Introduction
Data science is now the highest paid job profile in the last three consecutive years on record. However, this is not an astonishing fact as surveys conducted by McKinsey had already predicted the disruption that data science would cause in the upcoming years. Not only have the results of the survey come true but data science has successfully crossed the expectations of these forecasts. That said, there are still some major doubts regarding data scientist work profile. While some of the professionals consider that data science requires completely new and different skills, others opine that reskilling is the key to enter this prospective field. While there is some ground reality in both the arguments, the overall picture of data science needs further attention and discussion. Let’s start navigating in this direction.
The skill set of a data scientist
The skill set of a data scientist is very vast and dynamic because of the interdisciplinary nature of this field. Programming skills are the first and foremost requirement for data science. Although there is no restriction on the use of any programming language, the two most preferred programming languages include Python and R. In addition to this, the knowledge of mathematics is extremely important. Mathematics foundation for computer science allows a person to gain technical expertise and follow a numerical methodology for deriving solutions to the problem. The knowledge of statistics as well as advanced algorithms is extremely important to gain a comprehensive understanding of the life cycle of data science. Data scientists should also have the knowledge of data structures as well as soft computing.
Apart from the above mentioned primary skills, the secondary skills of data scientists include communication and data visualization. Data visualization is a technique in which data scientists are expected to structure the findings and analysis in the form of a graphical manner. With help of good communication skills, data scientists are able to convey their research findings to the audience in an appropriate and lucid manner.

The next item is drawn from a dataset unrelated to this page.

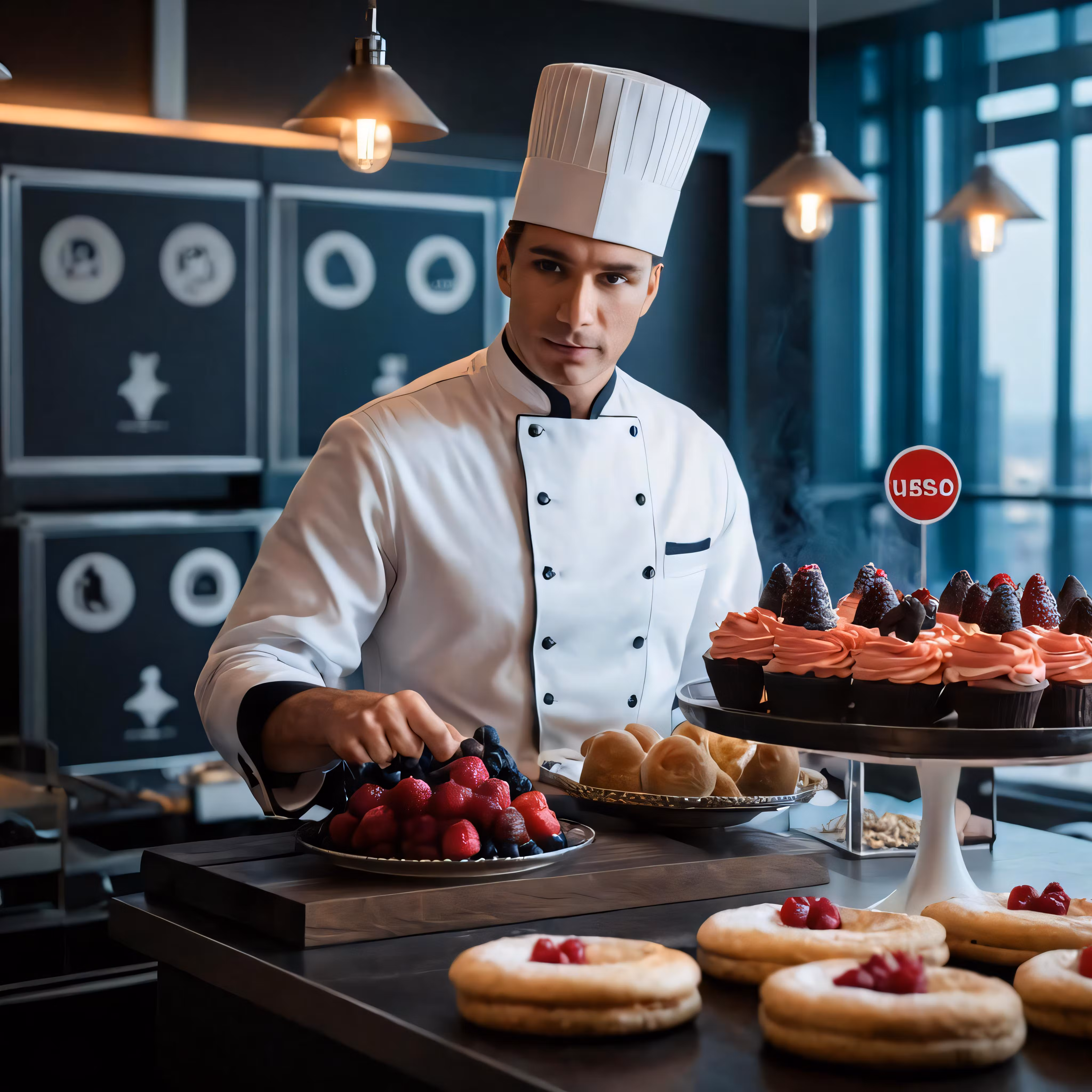 High resolution picture, free to use, a chef prepares food with desserts and pastries in a large room

What does a data scientist do?
The chief role of a data scientist is to analyse large sets of data and derive meaningful insights from these data sets. A data scientist first collects various types of data sets from different sources and establishes their reliability and validity. This is an important stage because data acts as a raw material for all the processes that are to be carried out by a data scientist. It is for this reason that the data scientist needs to be sure about the authenticity of the data sets. In the second stage, a data scientist goes for the cleansing process in which he transforms the unstructured data sets into structured data sets. It is at this stage that redundant data sets are removed and the remaining data sets are carried forward for further processing. The data that is obtained from this stage is subjected to the treatment of different algorithms and selective techniques so that appropriate insights can be derived. Finally, a data scientist communicates the findings in the form of different data visualization techniques.
How does a data scientist help businesses?

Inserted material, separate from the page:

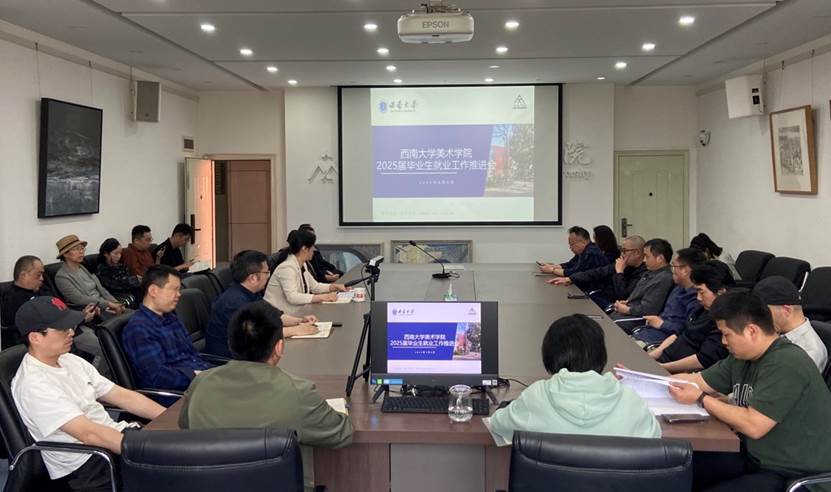 2025年4月9日,美术学院召开2025届毕业生就业工作推进会。学院党委书记张瑜,党委副书记、纪委书记经刚,学院副院长彭伟,学院研究生导师,就业帮扶团相关导师和毕业年级辅导员参加会议。会议由学院党委副书记、纪委书记经刚主持。

A data scientist helps businesses at various levels. There are instances when a business needs to invest in a particular sector and wants to conduct a pre-assessment of that sector. This is where a data scientist can conduct a survey, derive analytics and comment upon the feasibility of investment in that sector with the help of predictive analytics.

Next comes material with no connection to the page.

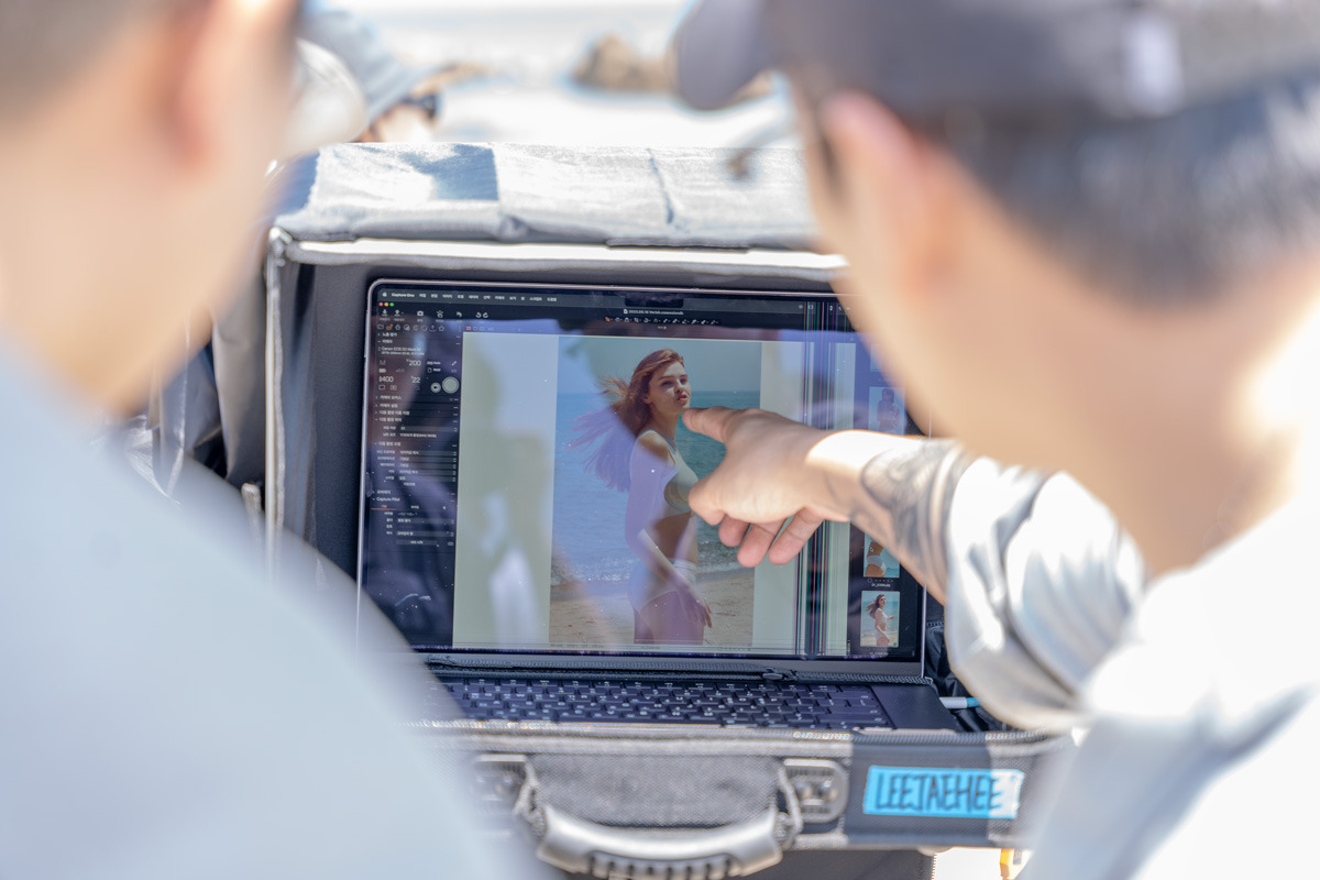 SS화보 촬영 현장, 화보 모니터링 하는 호경 님

Moreover, a data scientist also helps a business in the process of decision making. For instance, there may emerge situations when the people at the helm of affairs are divided on the market potential of a particular product. A data scientist can resolve the dilemma about the product by making quantitative forecasts. In this way, the role of a data scientist to a business organization is that of a guide and a strategist.
Concluding remarks and the way ahead
The work profile of a data scientist is multifaceted as well as multidimensional given the diversity of sectors he works in. As such, the role of a data scientist is considered as that of a torchbearer in the age of industry 4.0.